I was a big Starbucks consumer. Beans and drinks. I wanted rewards on the app and frequented it when traveling. It seemed the best coffee ever.

Then a friend said they preferred local shops that invest in the community. They weren't arguing, just stating intent, it struck me.

I don't buy Starbucks anymore. Don't have the app. I buy Salt City Coffee and Recess Coffee here in Syracuse. Traveling, I try local shops. The coffee is usually better than Starbucks. It tastes less corporate.

My choices are helped by Starbucks' union busting and their CEO riding a corporate jet from California to Seattle weekly. I mean really.

But there's more.

Dad ran a small business serving the community. He sponsored my little league teams, banked in town, joined local service clubs, and earned people's trust as a local business owner investing in the common good.

A new Starbucks opened in that town. It employs a few locals, but most of every dollar spent there funds CEO plane rides, union busting, and who knows what else, all of it far from that small community.

I've grown suspicious of mega-corps. Their basic design frames customers as prey. Starbucks' CEO is interested in my consumption not my wellbeing. The owners of Salt City and Recess are my neighbors and, like Dad did, they care about this community and people such as me who invest in them.

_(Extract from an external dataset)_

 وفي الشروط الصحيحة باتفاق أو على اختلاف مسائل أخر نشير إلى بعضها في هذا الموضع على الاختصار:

Mega-corps also tend toward bad actions due to fear, greed, and subservience. Starbucks busted unions. Target abandoned DEI. Amazon's and Tesla's CEOs undermine Democracy.

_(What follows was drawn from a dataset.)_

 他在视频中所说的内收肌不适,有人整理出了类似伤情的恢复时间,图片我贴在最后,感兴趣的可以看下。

Target is feeling consumer backlash. So afraid of the orange maggot, they forgot the power of offended customers.

Amazon's CEO opposes freedom of the press. There went subscriptions.

Tesla sales and stock are rightly getting killed because their CEO is a Nazi.

Full disclosure, I bought a Tesla in 2021. I wanted the best electric car and that was Tesla. I loved it so much I figured I'd be a Tesla guy for life, but I'll never buy again even if they get rid of the guy who gave the Nazi salute. When people and mega-corps show you who they are, believe them. Then make choices.

I've felt hopeless about the orange maggot and his minions. What can I do?

I can choose, that's what.

I choose local coffee. It tastes better. Stuff I bought from Target and Amazon I choose to buy elsewhere or not buy at all, saving money. I'll choose a Rivian vehicle next and feel a cleaner conscience.

I don't have to surrender. They need me much, much more than I need them and my choices matter more than I might think. Yours might too.